Kenya: Ken Ouko Memorial Service to Be Held Today Ahead of Friday Burial

A private funeral service for the late University of Nairobi lecturer Ken Ouko will be held today (Wednesday) at Nairobi Central SDA Church ahead of his burial on Friday.

The lecturer will be laid to rest at his rural home in Kamuma, Nyandiwa Village in Homa Bay County, according to plans by the funeral committee.

Due to the Covid-19 restrictions, only 60 invited guests will physically attend today's memorial service, which will be held at 2pm. It will be presided over by Pastor Jack Ogeda.

"The Church will avail a YouTube and Facebook links to enable those who will be locked out to watch and follow proceedings virtually," said a statement from the funeral planning team.

Dr Ouko's body will leave Nairobi's Aga Khan University Hospital mortuary tomorrow (Thursday) 6, 2020, at 10am for the journey home.

This will be preceded by a short prayer service at the Aga Khan University Hospital Chapel.
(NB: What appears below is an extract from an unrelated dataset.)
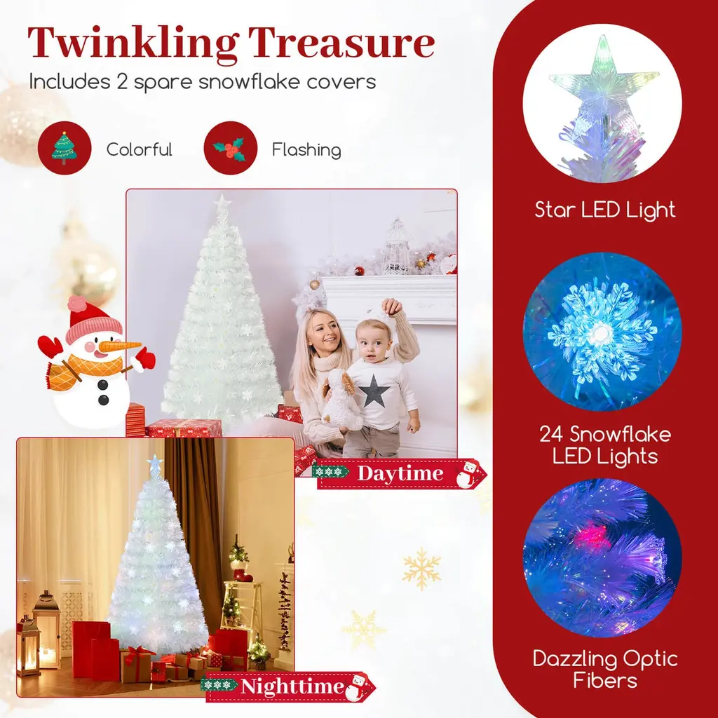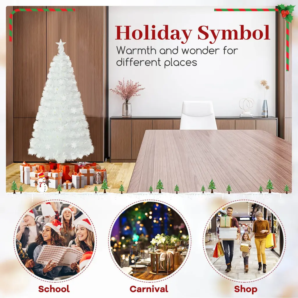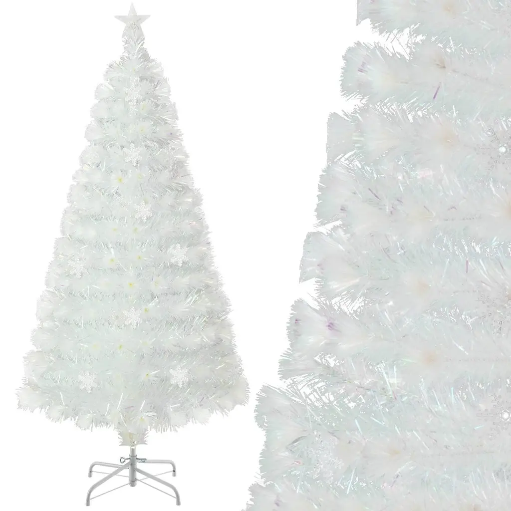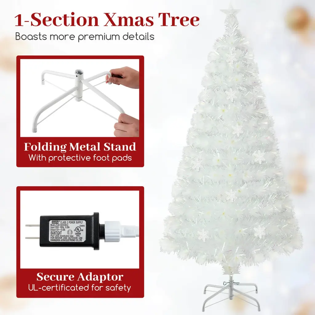 The 1/2-section Xmas tree boasts 170/230/270 branch tips that are composed of iridescent film leaves to reflect a rainbow of colors. Boasting a glowing star LED light, 24/36/48 colorful snowflake LED lights, and optic fibers, the 5/6/7 ft Christmas tree puts on a mesmerizing light show. The Christmas tree displays a different appearance during the daytime and nighttime. Made of high-quality PET material, it is non-allergic, fade-resistant, and free of any unpleasant smell. In addition, the holiday symbol boasts more premium details, including spare snowflake covers, a folding metal stand, and a UL-certified adaptor. Merry Christmas!FeatureIridescent film leaves reflect light to create a dazzling display of rainbow hues 170/230/270 branch tips are made of non-allergic, anti-fading, smell-free, and new PET Twinkling treasure includes 2 spare snowflake covers for emergencies Star light, snowflake LED lights, and optic fibers for a flashing lighting show Supported by a folding metal stand with protective foot pads Comes with a secure adaptor that is UL-certificated for safety Warmth and wonder for different places, such as school, shop, carnival, etcSpecificationColor: White Material: PET Tree Height: 5 ft, 6 ft, 7 ft Tree Width: 2.4 ft, 2.6 ft, 2.9 ft Diameter of Stand: 14", 16", 18" Number of Branch Tips: 170/230/270 Number of Snowflake LED Lights: 24/36/48 Number of Sections: 1/2/2 Net Weight: 8.5 lbs, 12 lbs, 14.5 lbs Package Includes: 1 x Christmas Tree 2 x Spare Snowflake Covers 1 x User Guide

Plans for his burial at his home in Homa Bay county are in top gear and his grave had already been dug by Sunday.

Making final touches

Workers were on Monday making final touches on his final resting place with his grave already cemented.

His elder brother Boaz Olela said the family was not taking chances should they be ambushed and had the grave dug by Sunday morning, in keeping with Covid-19 guidelines on burials.

"We were just trying to avoid being ambushed by health officials who we thought would come with the body for burial any time," he said.

"We have seen instances where families are being asked to bury their loved ones when they were not ready. We did not want to have such an experience," Mr Olela added.

The Ministry of Health requires bodies of Covid-19 victims buried within 48 hours after death.

Within Dr Oukos father's home, construction workers were also putting up structures that would be used to isolate the immediate family members of the lecturer (widow and children).

Mr Olela said this was meant to ensure chances of transmission of the virus is minimised.

Precautionary measure

"His family are some of the people he came into contact with when he was sick. As a precautionary measure of preventing Covid-19 transition, the family will have to be isolated during the burial ceremony," he said.

They will not be allowed to mingle with other guests attending the burial ceremony.

The family has asked public health officers from Homa Bay for guidance on the number of mourners who will attend the burial on Friday.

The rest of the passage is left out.